Шрифт:
Интервал:
Закладка:
Заключение
Подводя итоги, еще раз подчеркнем, что репрезентации маскулинности внешнеполитических «чужих» в отечественной культуре двух периодов, Первой мировой войны и холодной войны, обнаруживают заметное сходство: маскулинность подвергается критике как гипертрофированная, а потому ненормальная. Образы и германской, и американской маскулинности характеризуются при помощи таких черт, как культ силы и агрессии; машиноподобие; гордыня/индивидуализм, враждебные отношения между людьми; милитаризм, стремление подчинить своей воле весь мир; грубое, неуважительное отношение к женщине.

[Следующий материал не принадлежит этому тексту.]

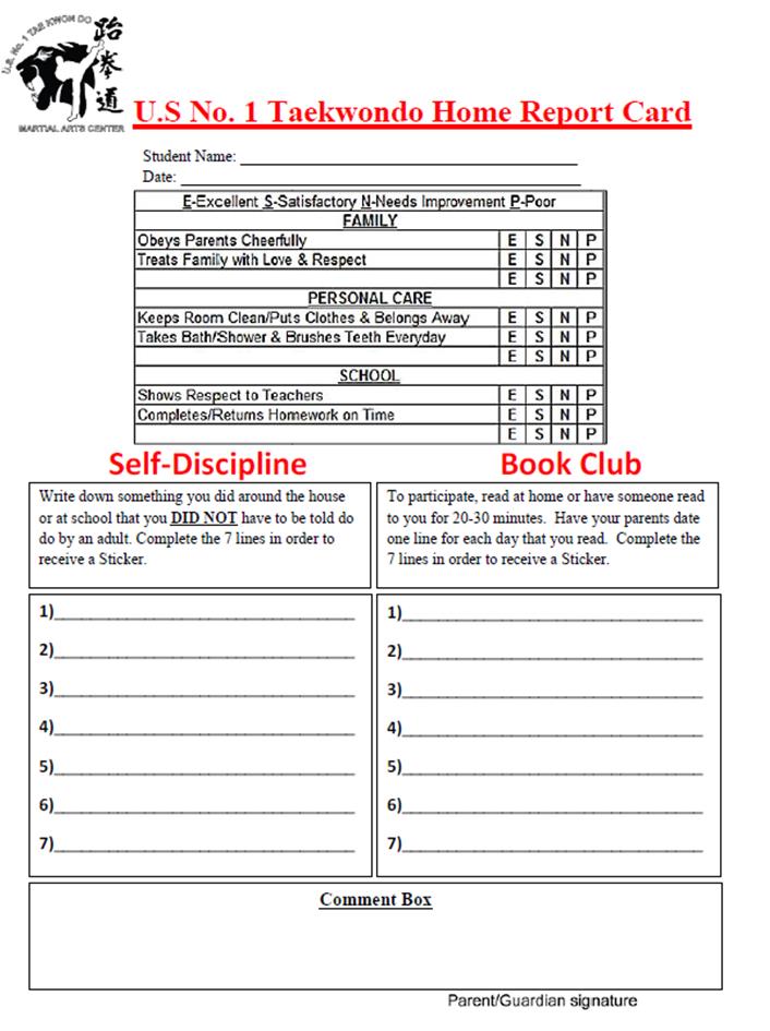 *NOTE: Sections 2 and 3 (Self Discipline and Book Club) should be filled out throughout the week,
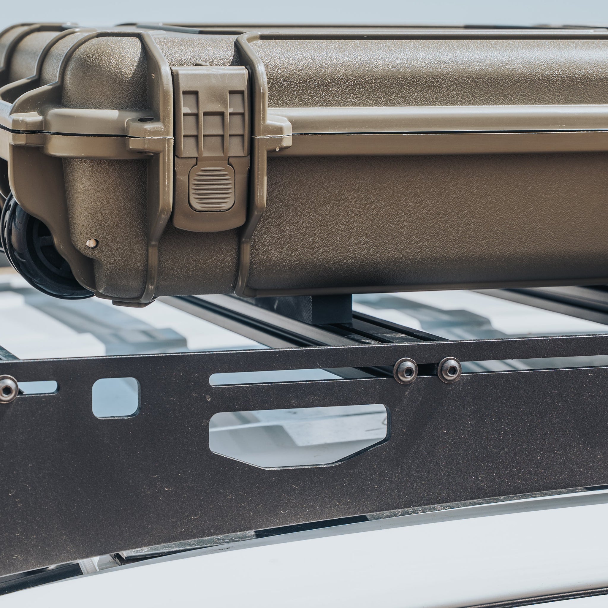 Keep your case and mind stable! Attaches to you roof rack, bed rack, or any flat...

Какое объяснение этому сходству можно предложить? Потребность в обеспечении онтологической безопасности, в сохранении позитивной коллективной идентичности, особенно в условиях конфронтации, реализуется за счет критики значимого Другого, каковым для России выступали страны Запада: Германия в начале XX века и США — в его середине. Образ Запада, воплощающий ценности модерности, наделяется такими характеристиками, как рациональность, независимость, приоритет права над моралью, приоритет личности над коллективом, т. е. теми, которые ассоциировались с мужским началом.
В этих условиях гендерный дискурс отечественной культуры был одной (но не единственной) из форм критики западного Другого и апологии России: инвективы в адрес Запада предполагали критику избыточной маскулинности и высокую оценку женского начала.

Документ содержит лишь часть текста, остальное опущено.